Teacher turns pep rally into marriage proposal

Matt Craven, 26, and Kendall Stiefel, 24, are both teachers at Beck Junior High.

ByABC News
May 22, 2017, 3:24 PM

— -- Matt Craven, an eighth-grade science teacher, met Kendall Stiefel, a sixth-grade social studies teacher, at a teacher training nearly two years ago.

When Craven, 26, decided to propose to Stiefel, 24, he knew immediately that the proposal would involve Beck Junior High School, the Katy, Texas, middle school where Craven and Stiefel have taught together for the past two years.

“For this community of Beck administrators, teachers and students, to have them involved was the best thing I could do,” Craven told ABC News.

Craven, who describes himself as a “really outgoing” person, said it was fitting for him to propose to Stiefel in a very public way.

He even asked Beck Junior High principal Carra Daniels to organize a school pep rally as part of the plan.

“I said, ‘I need to make a pep rally happen within two weeks because I wanted to propose before the end of the school year,’” Craven recalled. “She had a big smile on her face and said we could definitely make it happen.”

Craven proposed to Stiefel last Thursday during a school pep rally in which Stiefel thought she had been chosen by students to play a game.

“When they didn’t pick Matt to play the game, I was happy and couldn’t wait to brag that I got picked and he didn’t,” Stiefel said, admitting she was clueless about the proposal.

As a blindfolded Stiefel was playing a fictional game involving red cups, Craven got down on one knee with a ring and proposed.

“When I started the game I had no idea but the screaming didn’t stop and that’s when I knew,” Stiefel said. “I was nervous and excited and frozen.”

Daniels, the school’s principal, said it was the loudest she had ever heard the nearly 1,000 middle school students.

“I’ve never seen pandemonium like that,” she said. “He hit his knee [to propose] and it was absolutely pandemonium.”

Craven said the response from the school’s students, administrators and teachers reaffirmed his decision to propose at the school.

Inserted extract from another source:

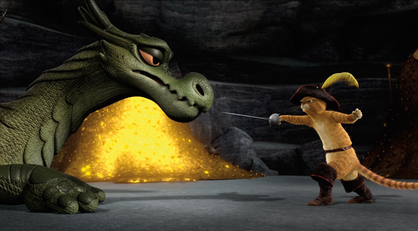 Glück im UnglückDer gestiefelte Kater ist ein frecher Halunke, der von sich selbst und seinen Fechtkünsten überzeugt ist. Doch wenn es darauf ankommt, kann man auf den mutigen Kater zählen.Bild: © DreamWorks Animation

The art teacher even made a “Will you marry me?” banner that was held up by the cheerleading squad during the pep rally.

“The kids also made us big posters and everyone in the grade signed them,” he said. “And every kid came up to us the next day and said congratulations, just as happy as can be.”

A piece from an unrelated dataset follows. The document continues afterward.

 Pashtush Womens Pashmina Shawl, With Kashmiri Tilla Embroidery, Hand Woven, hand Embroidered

At the eighth-grade dance the following night, “Kendall and Matt walked in and the entire dance floor cleared,” Daniels said.

Stiefel said she and Craven hope to wed within the next six months. As they plan for a wedding, they are thankful that their future together got off to such a special start.

"To throw a pep rally that is not scheduled is a big deal at a middle school," she said. "We felt so special because everyone went out of their way. We just feel so blessed by that."